3.4.4 Subclinical hypothyroidism

Subclinical hypothyroidism is defined biochemically as the association of a raised serum thyroid-stimulating hormone (TSH) concentration with normal circulating concentrations of free thyroxine (T₄) and free triiodothyronine (T₃). The term subclinical hypothyroidism implies that patients should be asymptomatic, although symptoms are difficult to assess, especially in patients in whom thyroid function tests have been checked because of nonspecific complaints such as tiredness. An expert panel has recently classified individuals with subclinical hypothyroidism into two groups (1): (1) those with mildly elevated serum TSH (typically TSH in the range 4.5–10.0 mU/l) and (2) those with more marked TSH elevation (serum TSH >10.0 mU/l).

Several population-based studies have examined the prevalence of subclinical hypothyroidism. Variation in results reflects the demographic characteristics of the populations studied, as well as the upper limit set for TSH measurements. Considerable debate has surrounded the setting of the upper limit of the reference range for TSH, with some arguing in favour of reduction in this upper limit to a value which would include a large proportion of the adult population. Meticulous studies in the USA and elsewhere have addressed this question, taking into account the influence of inclusion or exclusion of individuals with a personal or family history of thyroid disease or those with positive antithyroid antibodies. Evidence from one such study (NHANES III) of a very large ‘reference’ population without evidence of thyroid disease has suggested that 95% of adults have a serum TSH within the range 0.45–4.12 mU/l (2), determining that the widely applied upper limit of normal for serum TSH measurements of approximately 4.5–5.0 mU/l remains appropriate.

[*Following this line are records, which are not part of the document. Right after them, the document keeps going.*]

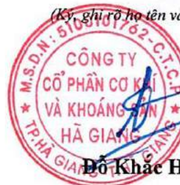
Đỗ Khắc Hùng
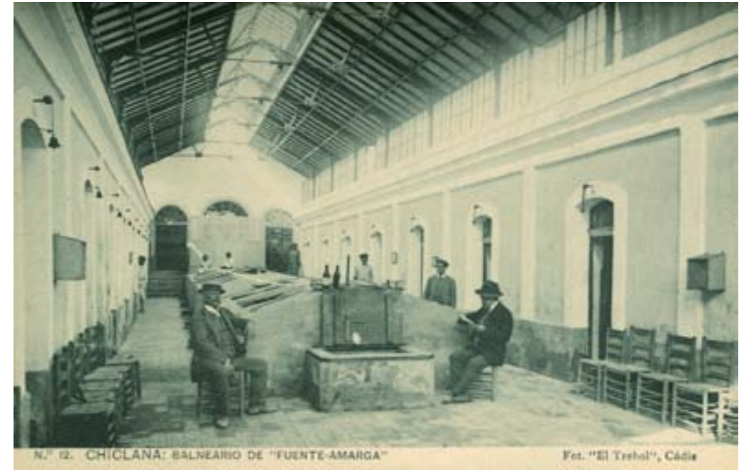
N.º 12. CHICLANA: BALNEARIO DE "FUENTE-AMARGA"

Dj12577. La Salud, Onteniente. Cocina del Gran Hotel . Serie I. Número 8. Edición del Hotel. Impresión de Hauser y Menet, Madrid, 1904.
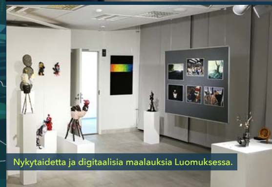
Nykytaidetta ja digitaalisia maalauksia Luomuksessa.
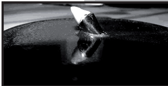
RYS.4. Koronka osadzona na trzpieniu przed próbą ściskania. FIG.4. The crown set on an arbour before the compression test.

W próbie ściskania koronka uległa zniszczeniu przy sile 350N, a wolnozmiennemu zmęczeniu w
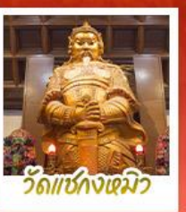
วัดเข่งหนิว
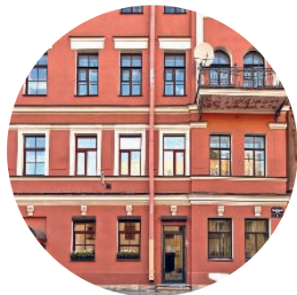
ДОХОДНЫЙ ДОМ НИКИТИНОЙ (1861 г., А. Ф. Занфтлебен) Манежный пер., 6 / Радищева пер., 2 с. 133
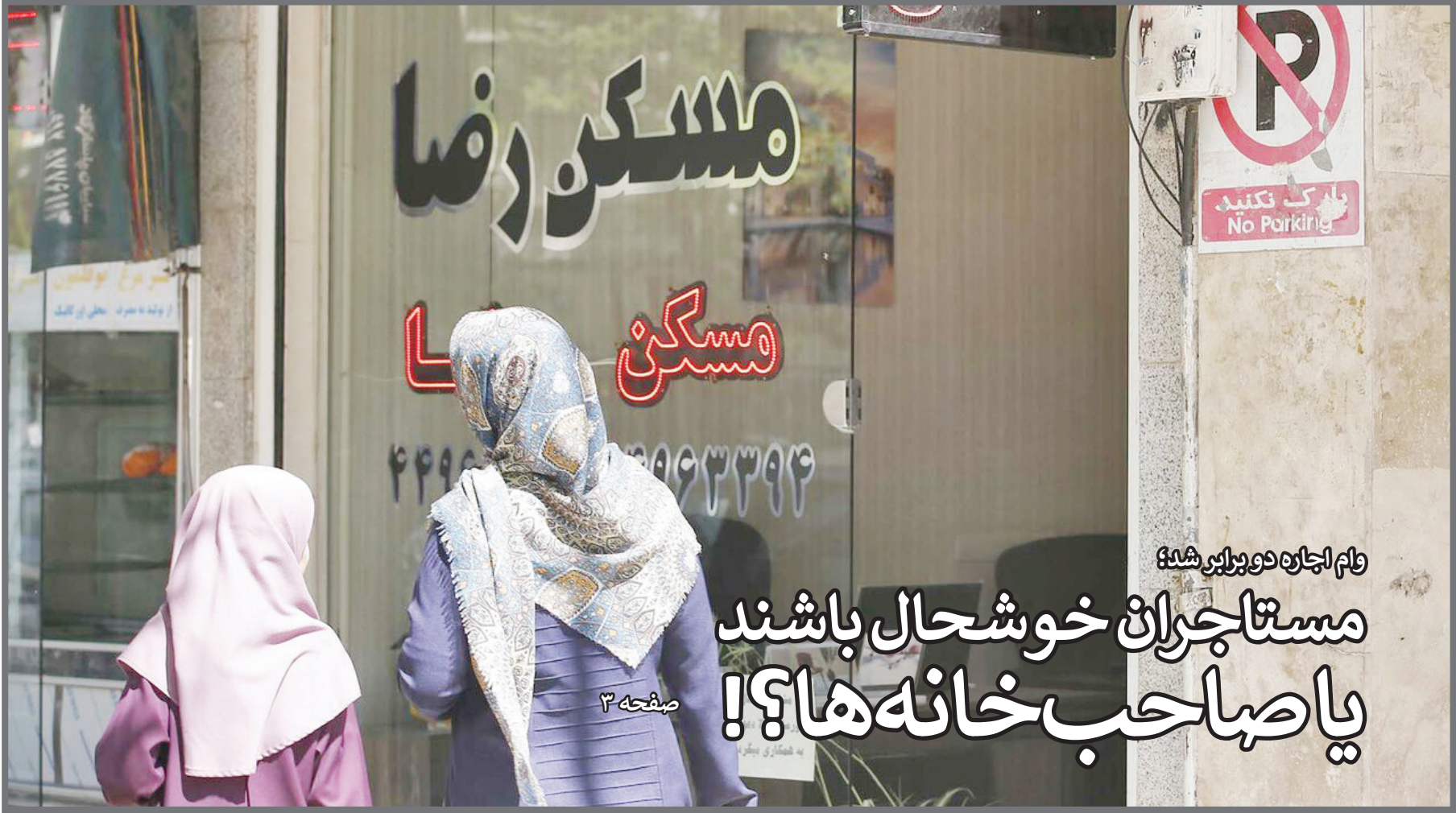
وام اجاره‌دو برابر شد! مستاجران خوشحال باشند یا صاحب‌خانه‌ها؟! صفحه ۳
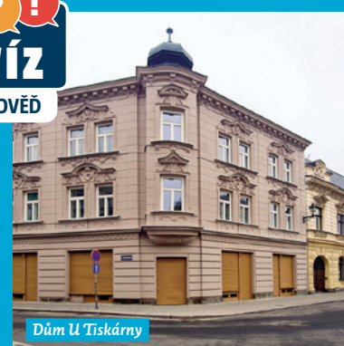
Dům U Tiskárny
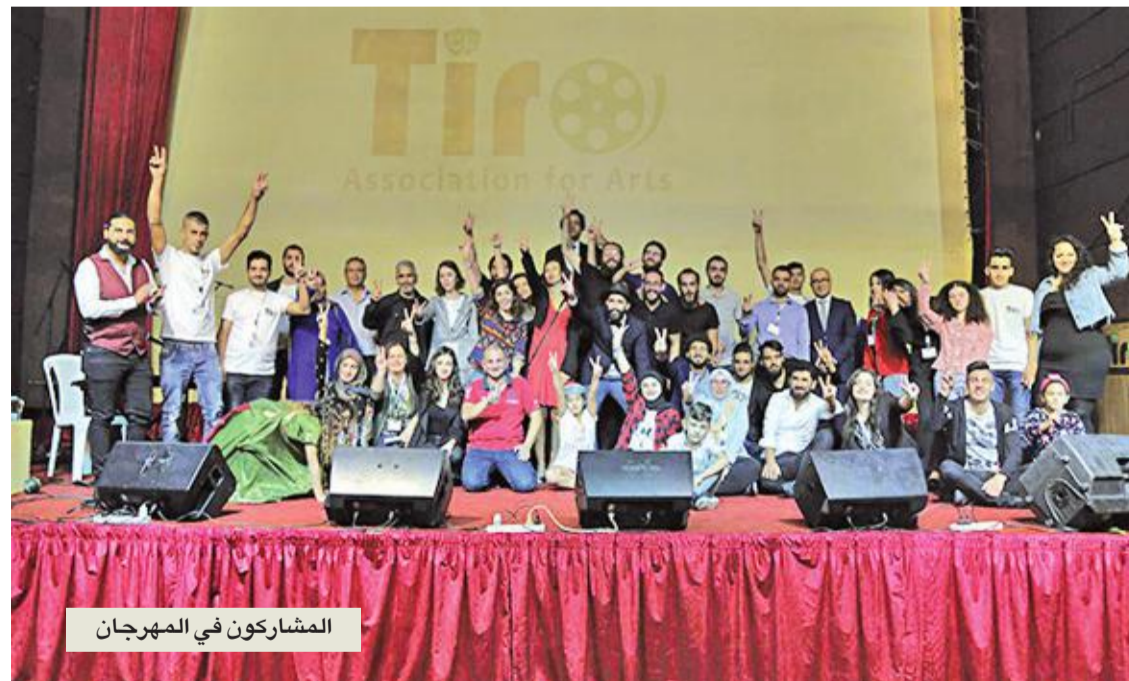
المشاركين في المهرجان

الضال من سلسلة وثائقي الإنترنت «زيارة»، الحاصل على جوائز عدة، من إنتاج «جمعية هوم أوف سيني جام» التي تعمل على إلهام الشفاء الاجتماعي والعاطفي وتحفيزه، من خلال أفلام قصيرة وأقاصيص حقيقية.
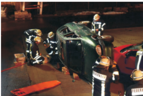
Beispiel einer Schau-Übung
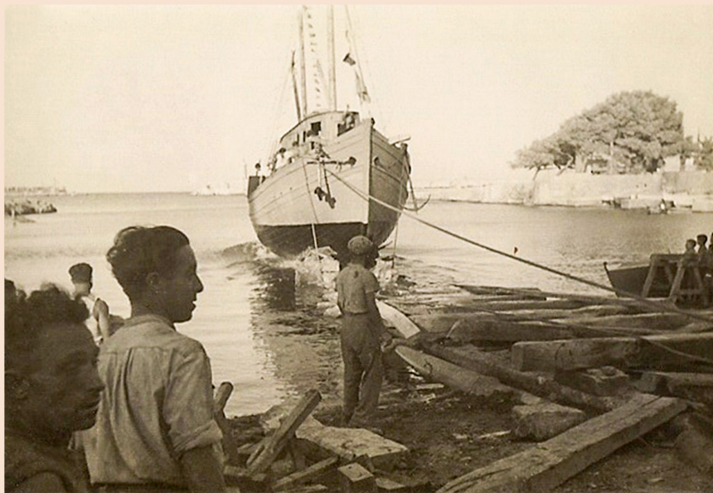
(F) Le Sirius se glisse dans la Méditerranée (3 août 1945) (E) The Sirius slips into the Mediterranean (3 August 1945) (I) Il Sirius scivola nel Mediterraneo (3 agosto 1945)
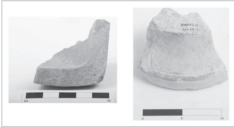
אזור 8: שברי כלי אבן גיר מתל חברון.
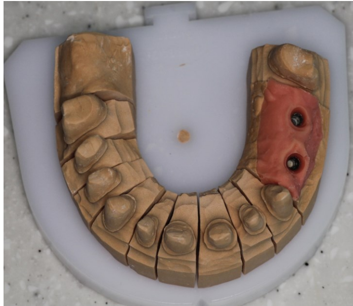
Slika 2. Radni model za izradu dviju krunica na implantatima. Preuzeto s dopuštenjem autora: Nikša Dulčić, prof.dr.sc.
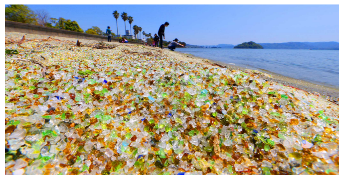
ガラスの砂浜(森園公園)
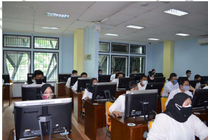
2.4 Foto Kegiatan Ujian CPNS

Kegiatan umum pada bidang pendayagunaan adalah pengadaan formasi untuk aparatur sipil Negara Kota Tangerang Selatan yang baru, dikarenakan adanya tahapan pensiun dan mutasi maka diperlukan pengganti. Pegawai pengganti ini diseleksi melalui tahapan-tahapan hingga akhirnya lulus ujian. Kegiatan Proses ini dinamakan perekrutan calon pegawai negeri sipil (cpns) Kota Tangerang Selatan. Kegiatan cpns ini atas dasar persetujuan dan arahan dari Badan Kepegawaian Negara (BKN).

Using this biochemical definition for TSH elevation, most studies including all ages and both sexes have revealed a prevalence of subclinical hypothyroidism of around 5–10%, the diagnosis being more common in women and increasing with increasing age (see Chapter 3.1.7). The NHANES III study in the USA found subclinical hypothyroidism (TSH >4.6 mU/l) in 4.3% (2), while the Whickham survey in the UK reported TSH of more than 6.0 mU/l in 7.5% of females and 2.8% of males (3). TSH did not vary with age in males but increased markedly in women aged more than 45 years. In the large Colorado study of people attending health fairs, 9.5% had raised TSH, 75% of whom had mildly elevated TSH in the range 5.0–10.0 mU/l and 25% of them were taking thyroid hormones (4). Our own study of 1210 patients aged over 60 years who were recruited in primary care revealed a prevalence of subclinical hypothyroidism of 11.6% in women and 2.9% in men in that age group (5). Significant titres of antithyroid antibodies were found in 46% of those with a serum TSH between 5 and 10 mU/l, and in 81% of those with a serum TSH greater than 10 mU/l, providing supporting evidence for underlying autoimmune thyroid disease in the majority. However, a recent community screening study of older people in the same area revealed a lower population prevalence of subclinical hypothyroidism of 2.9%, perhaps reflecting more frequent testing of thyroid function and earlier treatment of raised TSH in the intervening years (6).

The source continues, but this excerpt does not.